The sources provide examples where the finite difference solution is compared to the analytic solution for simple cases. For instance, with a constant source term f = 1 and Dirichlet conditions u = 0 on all boundaries, the analytic solution is known, and the finite difference method with grid spacing h = 0.1 yields results that mirror the analytic solution almost exactly. This demonstrates the accuracy of the method for well-posed problems.

Another example involves Neumann boundary conditions (specified derivatives), but the focus here is on Dirichlet conditions. The finite difference method can handle various source terms, including piecewise constant or periodic functions, by appropriately defining f_{i,j} at each grid point.

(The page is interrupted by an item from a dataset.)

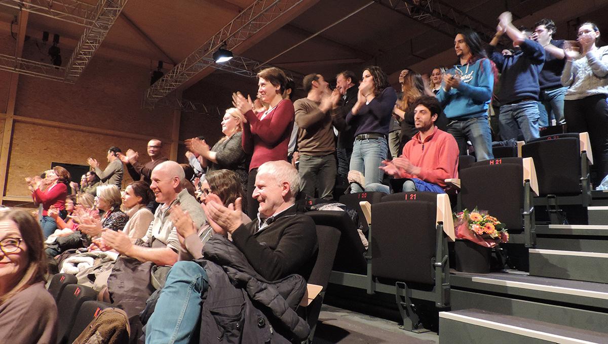 «Конституция» на следующий вечер шла уже с переводом — частично синхронным, частично титрами. Показ этого спектакля предварял круглый стол, во время которого французская публика, частично состоявшая из русских эмигрантов, живо интересовалась русским театром и жизнью в России вообще. Задавали вопросы, живы ли в русском театре классические традиции или везде сплошной авангард, существует ли в России пропагандистский театр, беспокоились по поводу усиливающейся клерикализации образования в России, не забыли и гонения на театральных деятелей по «делу Серебренникова».

Method of Manufactured Solutions

To validate numerical code, the method of manufactured solutions is employed. This involves choosing a known analytic solution, um(x, y), and computing the corresponding source term f such that ∇²um = f. The boundary conditions are set to match um on the boundary. Then, the numerical method is applied to solve for u with this f and boundary conditions. The numerical solution is compared to um, and the error is measured. If the error decreases as the grid is refined (convergence test), the code is considered validated.

For example, if um = sin(πx) sin(πy) in the unit square, then f = -2π² sin(πx) sin(πy). The Dirichlet conditions are u = 0 on all boundaries, which matches um. The finite difference solution should converge to u_m as h → 0. This process is essential for ensuring reliability in more complex problems where analytic solutions are unknown.

Practical Examples and Applications

The sources include examples that illustrate the application of these methods in physical contexts.

Electrostatic Potential in a Bounded Region

One example involves solving for the electrostatic potential in a region bounded by conductors at specified potentials. The potential satisfies Poisson's equation with a source term representing charge density. For instance, in a two-dimensional system stretching infinitely in x and z, with conductors at y = a and y = -a held at zero potential, and a periodic charge density in x, the potential can be found by combining a particular solution (due to the charge) and a homogeneous solution (Laplace's equation) to satisfy the boundary conditions. This is relevant in modeling fields in layered materials or plasma physics.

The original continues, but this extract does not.